• WHAT YOU SHOULD DO:
Reproduce from the records below, with no pictures, exactly the lines between the one containing "我苏网讯 2月20日,对于同" and the one containing "根据历史经验,市场推测消费者信心指数将在10月乃至11月因政府停摆而持续下滑。", inclusive.
☆ ☆ ☆ ☆ ☆
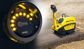 Whereas standard compactors rely on spot-checking with quality control devices to achieve proper material densities, the ECONOMIZER uses an acceleration sensor to measure the stiffness of the target material across the entire compacted area. The data gathered by the sensor is instantly displayed via a simple series of ten yellow LED lights, allowing the operator to react to changing soil conditions.
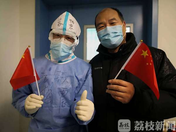 我苏网讯 2月20日,对于同济医院中法新城院区C8西病区来说又是一个有意义的日子,在与病魔抗争长达18天的两位新冠肺炎重症病人今天康复出院了。一早收到出院通知的两位病人十分开心,激动,他们非常感激第三批江苏援湖北医疗队所有队员。出院前,一位患者和我合了影,在场的其他病人和医护人员更是激动地唱起了“五星红旗我为你自豪......”,寒冷冬日,太阳暖暖地照进我们心里,温暖如春。
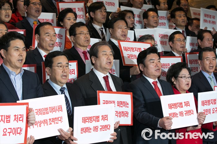 (서울=포커스뉴스) 야당이 지난 23일 본회의에 상정된 테러방지법 처리를 지연시키기 위해 필리버스터(무제한 토론)를 이어가고 있는 가운데, 새누리당은 테러방지법 통과의 당위성을 주장하고 나섰다.
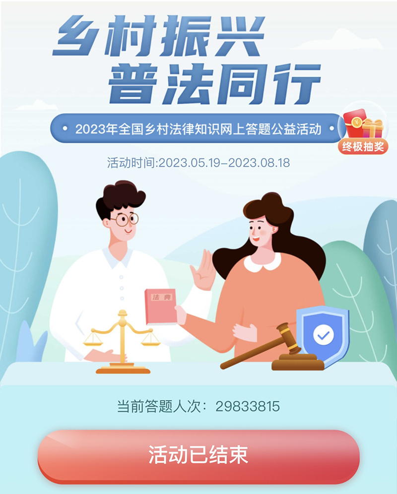 “鄉(xiāng)村振興·普法同行”全國(guó)鄉(xiāng)村法律知識(shí)網(wǎng)上答題公益活動(dòng)參與答題人次達(dá)到2983萬
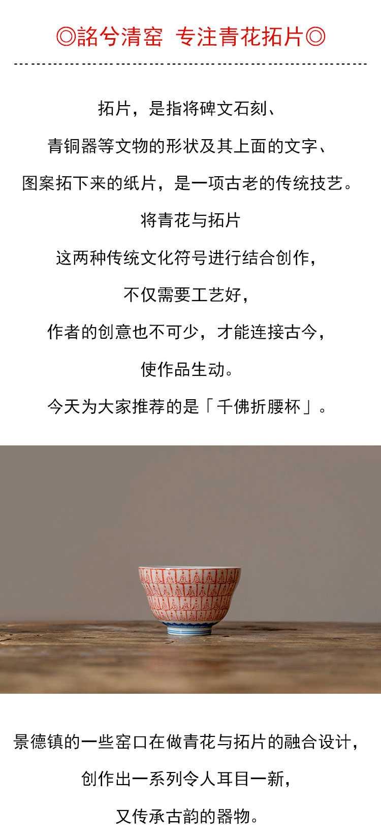 茶香记 千佛折腰杯 青花拓片 詺兮清窑 精美拓印 主人杯 陶瓷
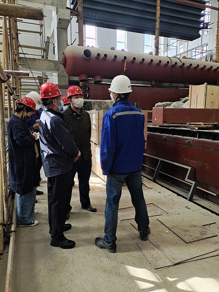 在三合村分公司200T燃煤熱水鍋爐等量替換工程現(xiàn)場(chǎng),楊杰詳細(xì)聽取了工程的進(jìn)展及復(fù)工復(fù)產(chǎn)工作準(zhǔn)備情況,并針對(duì)目前存在的困難和問題,現(xiàn)場(chǎng)辦公研究解決方案。
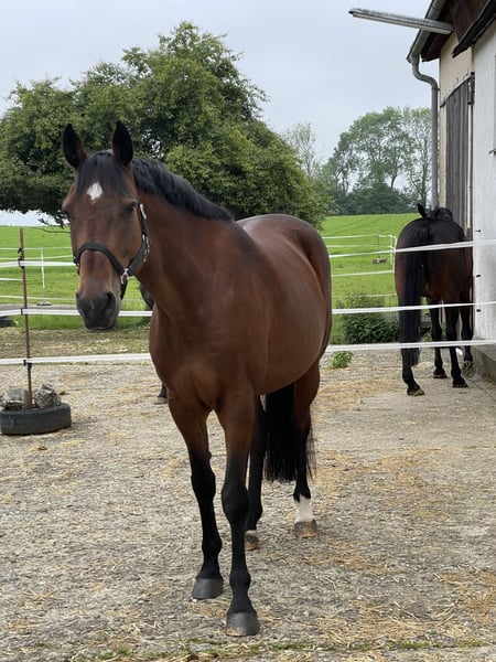 Prämierte (50 Pkt) Holsteiner Sportstute Stamm 4510 ; Im März 2025 hat sie ein tolles Stutfohlen bekommen von „Comme Cavelle“ Junghengst von Richard Vogel. Die Stute hat ein ganz korrektes Gebäude, mit 3 sehr guten Grundgangarten. Sie wurde in Sppf A und L vorgestellt. Sehr angenehmer Charakter und Umgang.
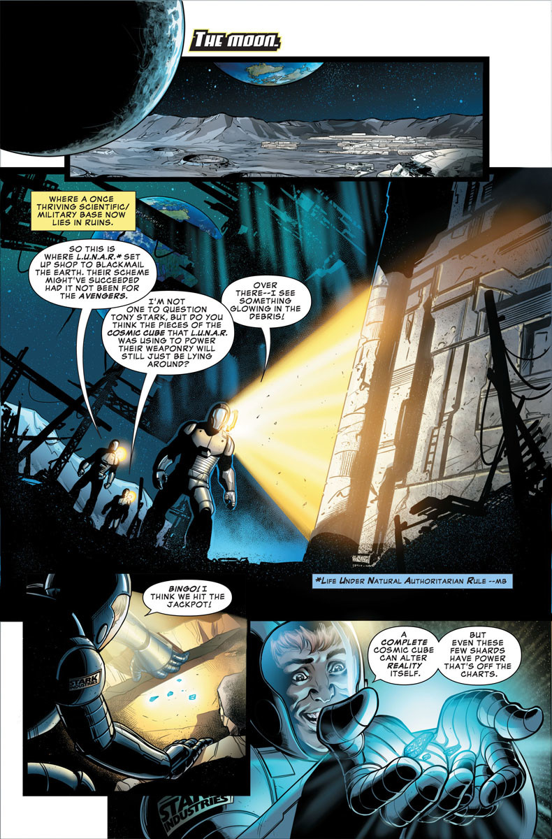 • From the wreckage of their moon base, the villainous LUNAR rises again — with a deadly plan for the shards of the COSMIC CUBE! Join CAPTAIN AMERICA, BLACK WIDOW, IRON MAN and CAPTAIN MARVEL in a race against time that will determine the fate of the solar system!
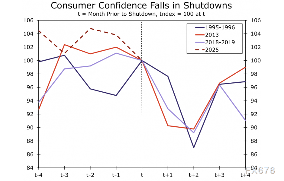 根据历史经验,市场推测消费者信心指数将在10月乃至11月因政府停摆而持续下滑。
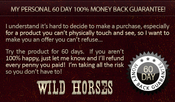 I understand my purchase is completely protected by your name______’s 100% satisfaction money-back guarantee. I have 60 days to test drive the techniques and strategies presented in The Art of Taming and Training Wild Horses and if I am not completely convinced that it is hands-down the best taming and training wild horses book on the market, then I am entitled to a 100% refund of my purchase price.
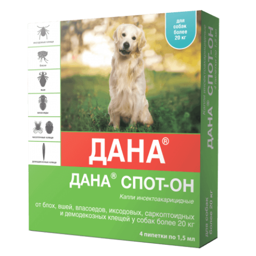 Дана Спот-он капли для собак более 20кг 4 пипетки *10
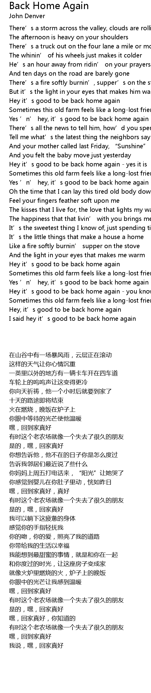 | [02:24.11] | Yes ' n' hey, it' s good to be back home again |
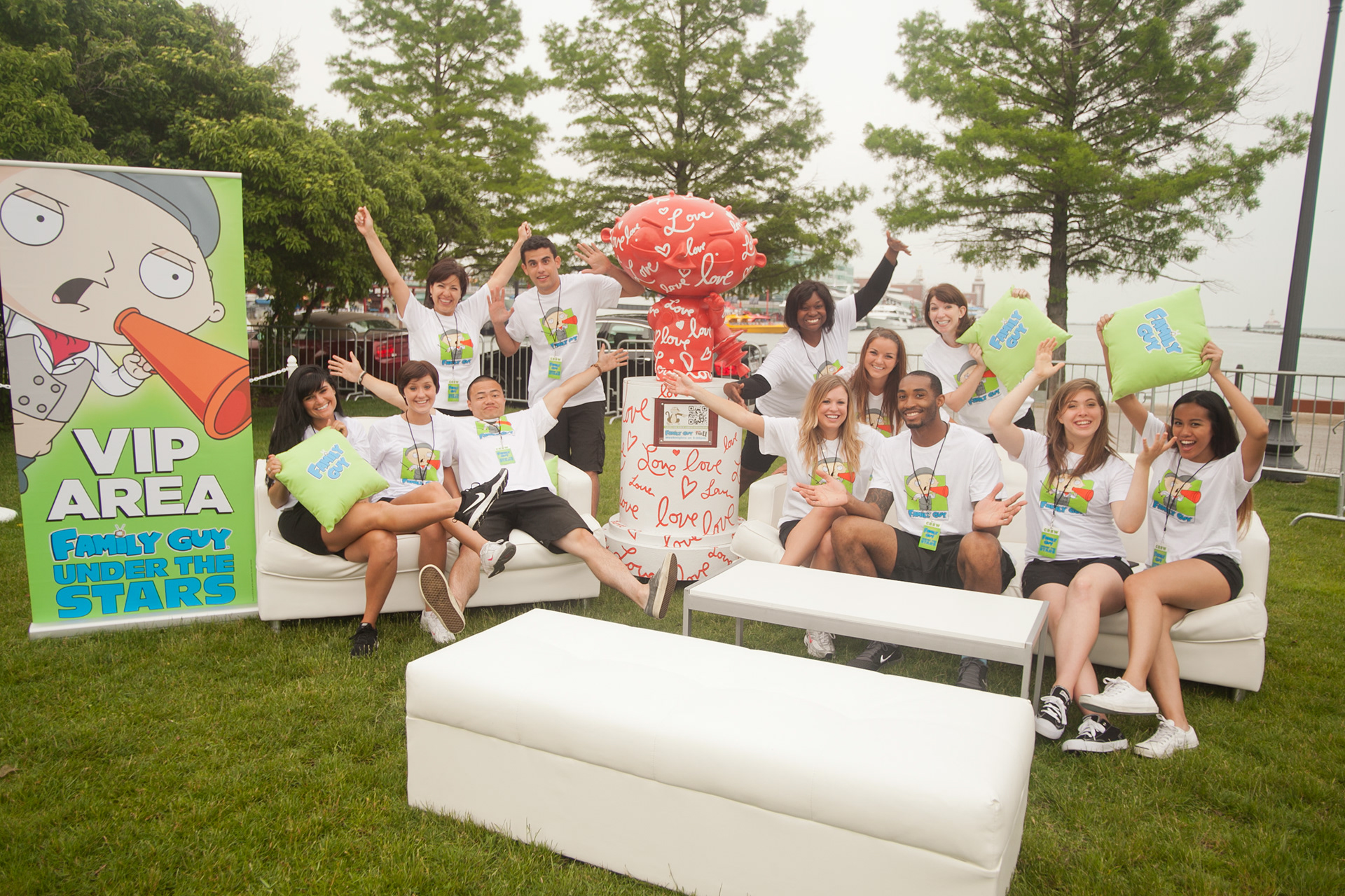 Together with Twentieth Television, I designed eleven life-sized replicas of Family Guy’s favorite toddler, Stewie Griffin, in order to encourage consumers to attend free outdoor screenings in New York and Chicago. The collection of statues included visual interpretations inspired by street art, Jackson Pollock-esque splatter, and even Stewie’s own rendition of Van Gogh’s Starry Night. The screenings drew thousands of consumers, and featured a VIP area complete with concession stand which hosted network executives and local radio contest winners.
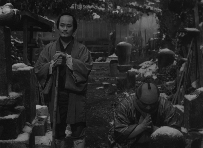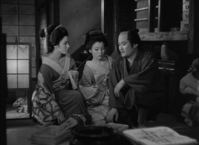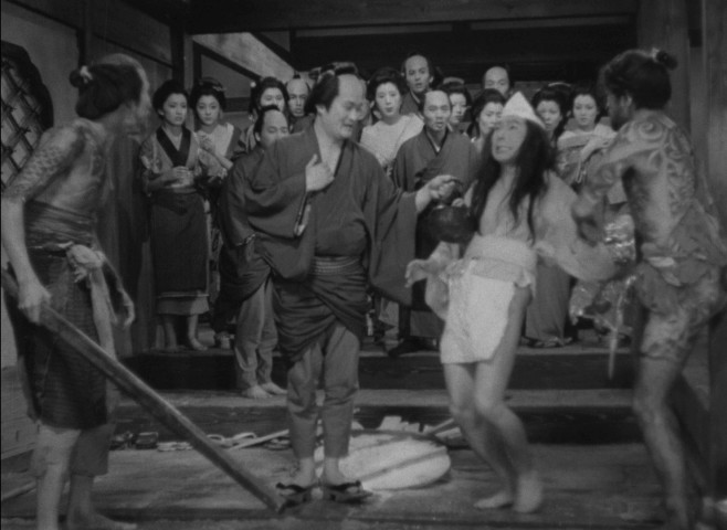 At first the film seems plotless, although not aimless. One thing follows another, with Saheiji serving as the most consistent axis around which everything else revolves. The, gradually, threads accrue. The cadre of samurai insurgents enlist Saheiji into their plan against his will. Saheiji intervenes to help Osome and Koharu work out their problems, even if they are largely of their own making. And he also does his best to help the carpenter's daughter get out of a bad situation, although the way he does it is also questionable — and from what we can see, the girl may end up only marginally better off.
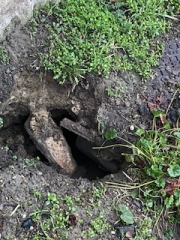 Irtásra már korábban is bejelentette a Közös képviselő. Mai napon ismét jelentette a Fővárosnak a jelenséget. /Lásd mellékelt kép./ Az első bejelentéstől a lyukak csak nőnek, beomolhat a képen látható csatornafedél és a támfal kövezete is elkezdett kibukni.
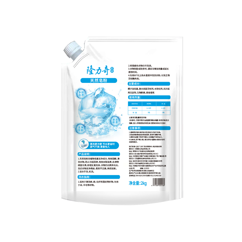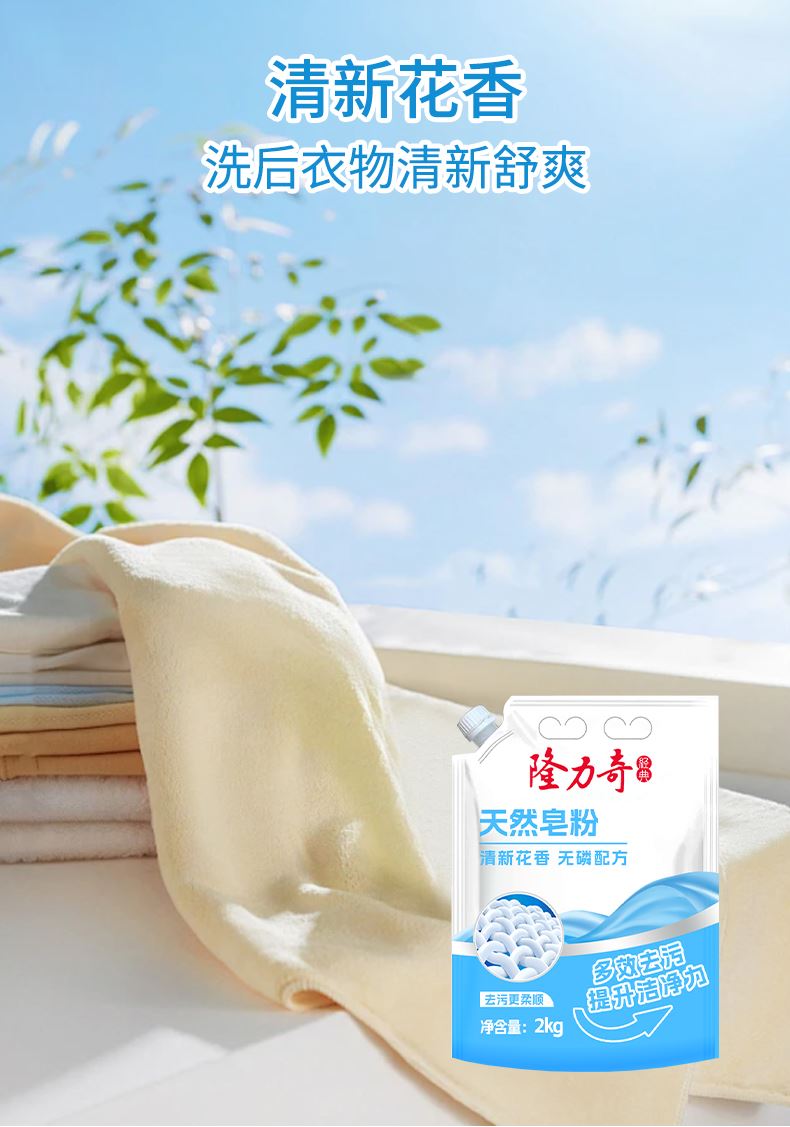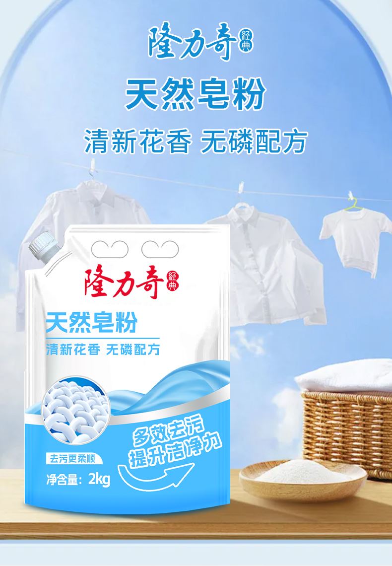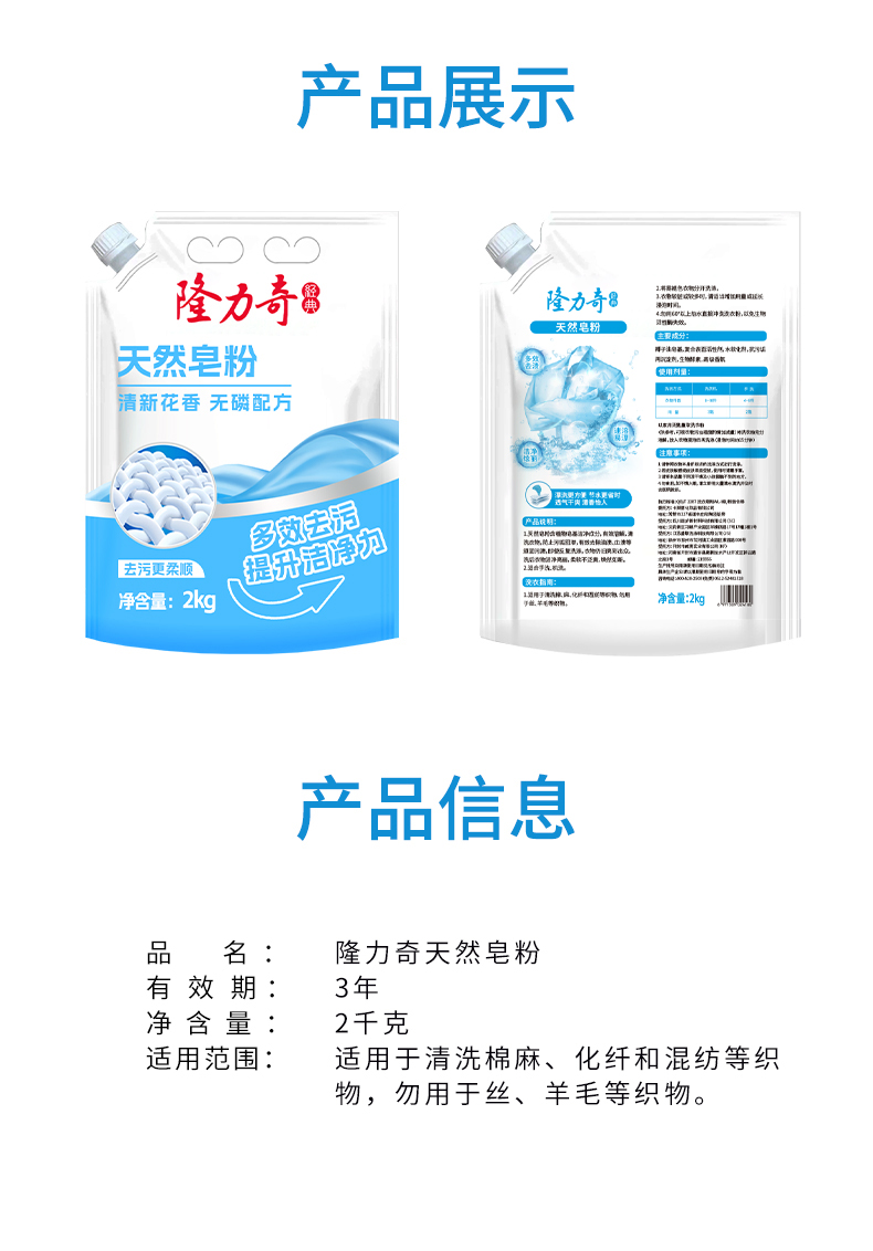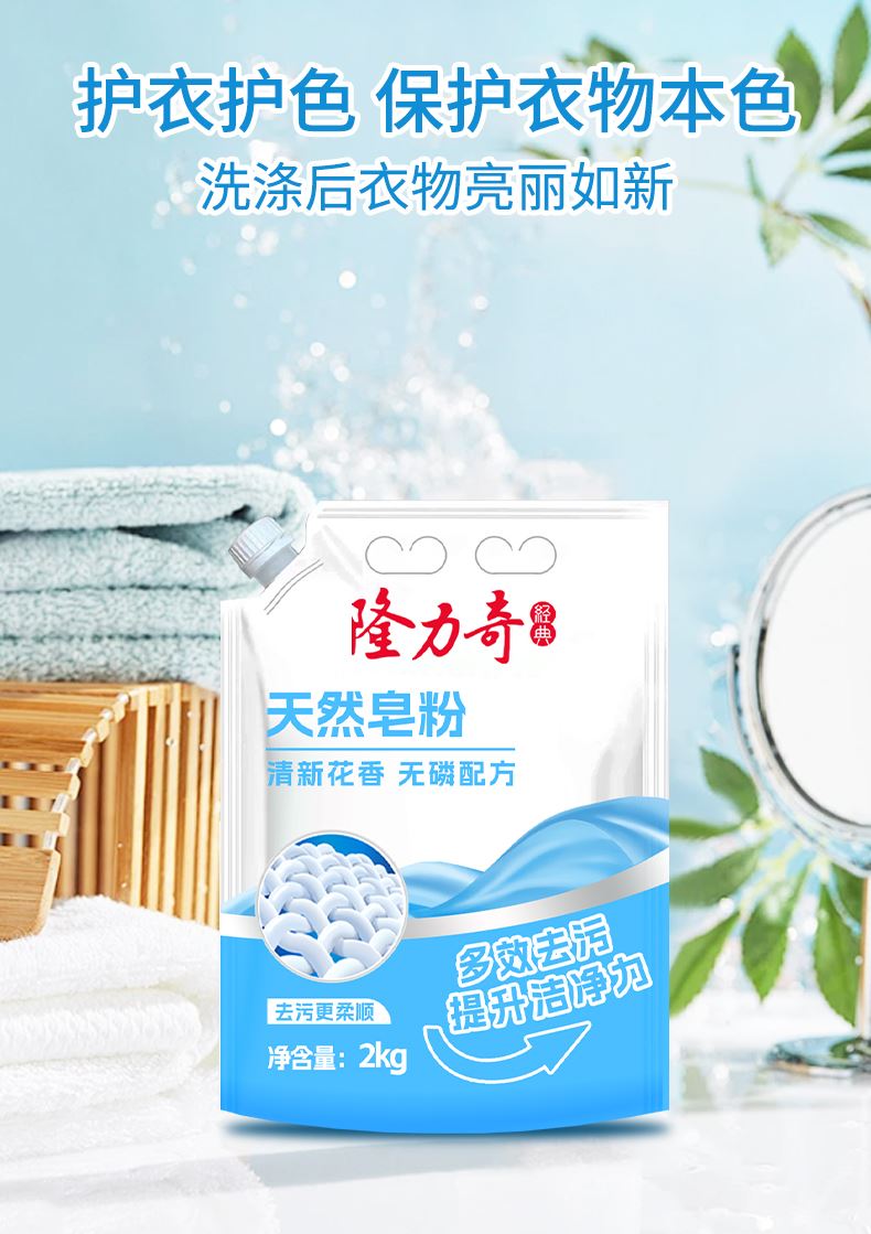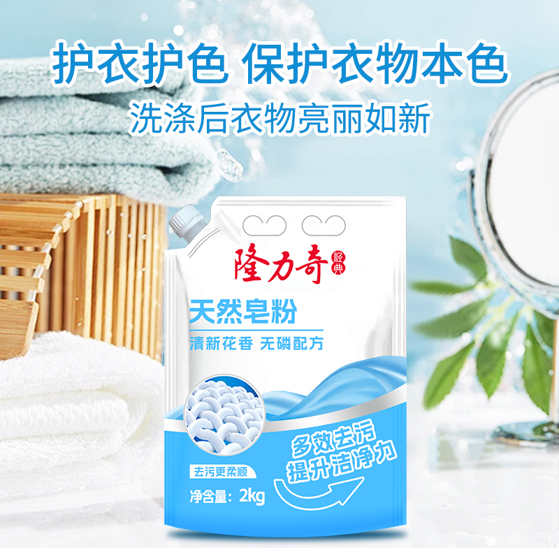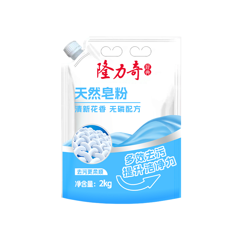 隆力奇天然皂粉2kg 货号:LLQ-8040100030 重量:2kg 保质期:三年 适用于清洗棉麻、化纤和混纺等织物,勿用于丝、羊毛等织物 成分:(中性配方)不添加磷、不添加氟、不添加荧光剂、不添加色素 功效:去异味、去霉味、去渍、护色等 产品卖点: 1.天然植物配方,温和无刺激,手洗机洗都适用; 2.高效去污护色,深层清洁不伤衣物,持久留香; 3.低泡易漂省水,环保节能,快速溶解无残留
☆ ☆ ☆ ☆ ☆
• OUTPUT FOR THIS EXERCISE:
 我苏网讯 2月20日,对于同济医院中法新城院区C8西病区来说又是一个有意义的日子,在与病魔抗争长达18天的两位新冠肺炎重症病人今天康复出院了。一早收到出院通知的两位病人十分开心,激动,他们非常感激第三批江苏援湖北医疗队所有队员。出院前,一位患者和我合了影,在场的其他病人和医护人员更是激动地唱起了“五星红旗我为你自豪......”,寒冷冬日,太阳暖暖地照进我们心里,温暖如春。
 (서울=포커스뉴스) 야당이 지난 23일 본회의에 상정된 테러방지법 처리를 지연시키기 위해 필리버스터(무제한 토론)를 이어가고 있는 가운데, 새누리당은 테러방지법 통과의 당위성을 주장하고 나섰다.
 “鄉(xiāng)村振興·普法同行”全國(guó)鄉(xiāng)村法律知識(shí)網(wǎng)上答題公益活動(dòng)參與答題人次達(dá)到2983萬
 茶香记 千佛折腰杯 青花拓片 詺兮清窑 精美拓印 主人杯 陶瓷
 在三合村分公司200T燃煤熱水鍋爐等量替換工程現(xiàn)場(chǎng),楊杰詳細(xì)聽取了工程的進(jìn)展及復(fù)工復(fù)產(chǎn)工作準(zhǔn)備情況,并針對(duì)目前存在的困難和問題,現(xiàn)場(chǎng)辦公研究解決方案。
 Prämierte (50 Pkt) Holsteiner Sportstute Stamm 4510 ; Im März 2025 hat sie ein tolles Stutfohlen bekommen von „Comme Cavelle“ Junghengst von Richard Vogel. Die Stute hat ein ganz korrektes Gebäude, mit 3 sehr guten Grundgangarten. Sie wurde in Sppf A und L vorgestellt. Sehr angenehmer Charakter und Umgang.
 • From the wreckage of their moon base, the villainous LUNAR rises again — with a deadly plan for the shards of the COSMIC CUBE! Join CAPTAIN AMERICA, BLACK WIDOW, IRON MAN and CAPTAIN MARVEL in a race against time that will determine the fate of the solar system!
 根据历史经验,市场推测消费者信心指数将在10月乃至11月因政府停摆而持续下滑。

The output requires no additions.